Task –
Once you find the line with "人间四月天,一树一树的花开,一树一树的绿,点亮了春色,浸染了校园。", output it and every line after it exactly, through the last line of the listing, but no pictures.

Raw data –
--------------------------------------------------

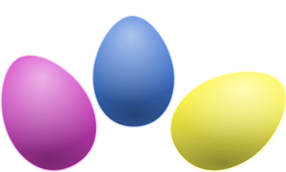 A trio of colored Easter eggs. Each egg has a highlight and shadow that you can move around in Inkscape if you rotate the egg--just double click to edit the group inside the clipping mask.
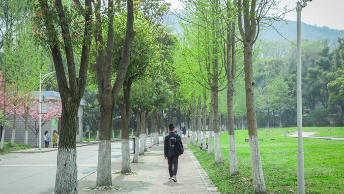 人间四月天,一树一树的花开,一树一树的绿,点亮了春色,浸染了校园。
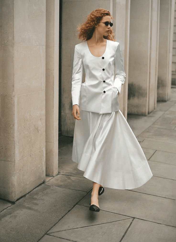核心在於版型,肩線、腰線、褲長都要剛好合身,不大不小。無需任何logo,剪裁與麵料的質感自己會說話。投資一條白色亞麻裙和一件白色亞麻襯衫,整個夏天的清爽基調便有了支撐。

--------------------------------------------------

Exercise answer –
 人间四月天,一树一树的花开,一树一树的绿,点亮了春色,浸染了校园。
核心在於版型,肩線、腰線、褲長都要剛好合身,不大不小。無需任何logo,剪裁與麵料的質感自己會說話。投資一條白色亞麻裙和一件白色亞麻襯衫,整個夏天的清爽基調便有了支撐。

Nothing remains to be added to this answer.